我们先来看caffe的prototxt实现,大改要写2300多行代码,不仅写的费劲,而且很容易出错,这里就补贴代码了.

通过Netscopes可视化

 

当然也有有用python写的,很是简洁

import caffe
from caffe import layers as L
from caffe import params as P


def conv_bn_scale_relu(bottom, num_output=64, kernel_size=3, stride=1, pad=0):
    conv = L.Convolution(bottom, num_output=num_output, kernel_size=kernel_size, stride=stride, pad=pad,
                         param=[dict(lr_mult=1, decay_mult=1), dict(lr_mult=2, decay_mult=0)],
                         weight_filler=dict(type='xavier', std=0.01),
                         bias_filler=dict(type='constant', value=0))
    conv_bn = L.BatchNorm(conv, use_global_stats=False, in_place=True)
    conv_scale = L.Scale(conv, scale_param=dict(bias_term=True), in_place=True)
    conv_relu = L.ReLU(conv, in_place=True)

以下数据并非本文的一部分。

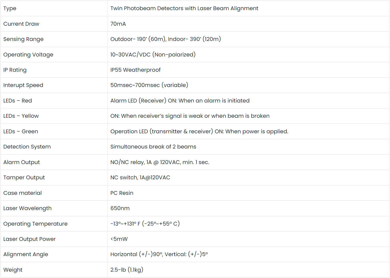 Enforcer E-960-D190Q Long Range Photobeam Detectors are easy-to-install with laser beam alignment and provide extended range. Designed to provide reliable perimeter security both indoors and outdoors.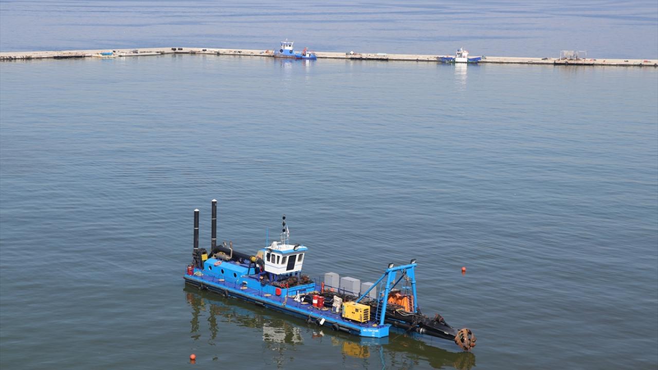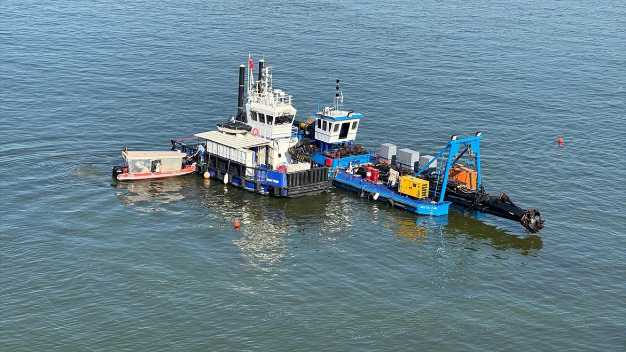 Körfezde deniz dibi taramasında kullanılan Meltem İzmir gemisi, pompalarla denizden çektiği suyu püskürterek oksijen oranını artırmaya çalışıyor.

    return conv, conv_bn, conv_scale, conv_relu


def conv_bn_scale(bottom, num_output=64, kernel_size=3, stride=1, pad=0):
    conv = L.Convolution(bottom, num_output=num_output, kernel_size=kernel_size, stride=stride, pad=pad,
                         param=[dict(lr_mult=1, decay_mult=1), dict(lr_mult=2, decay_mult=0)],
                         weight_filler=dict(type='xavier', std=0.01),
                         bias_filler=dict(type='constant', value=0.2))
    conv_bn = L.BatchNorm(conv, use_global_stats=False, in_place=True)
    conv_scale = L.Scale(conv, scale_param=dict(bias_term=True), in_place=True)

    return conv, conv_bn, conv_scale


def eltwize_relu(bottom1, bottom2):
    residual_eltwise = L.Eltwise(bottom1, bottom2, eltwise_param=dict(operation=1))
    residual_eltwise_relu = L.ReLU(residual_eltwise, in_place=True)

    return residual_eltwise, residual_eltwise_relu


def residual_branch(bottom, base_output=64):
    """
    input:4*base_output x n x n
    output:4*base_output x n x n
    :param base_output: base num_output of branch2
    :param bottom: bottom layer
    :return: layers
    """
    branch2a, branch2a_bn, branch2a_scale, branch2a_relu = \
        conv_bn_scale_relu(bottom, num_output=base_output, kernel_size=1)  # base_output x n x n
    branch2b, branch2b_bn, branch2b_scale, branch2b_relu = \
        conv_bn_scale_relu(branch2a, num_output=base_output, kernel_size=3, pad=1)  # base_output x n x n
    branch2c, branch2c_bn, branch2c_scale = \
        conv_bn_scale(branch2b, num_output=4 * base_output, kernel_size=1)  # 4*base_output x n x n

    residual, residual_relu = \
        eltwize_relu(bottom, branch2c)  # 4*base_output x n x n

    return branch2a, branch2a_bn, branch2a_scale, branch2a_relu, branch2b, branch2b_bn, branch2b_scale, branch2b_relu, \
           branch2c, branch2c_bn, branch2c_scale, residual, residual_relu


def residual_branch_shortcut(bottom, stride=2, base_output=64):
    """

    :param stride: stride
    :param base_output: base num_output of branch2
    :param bottom: bottom layer
    :return: layers
    """
    branch1, branch1_bn, branch1_scale = \
        conv_bn_scale(bottom, num_output=4 * base_output, kernel_size=1, stride=stride)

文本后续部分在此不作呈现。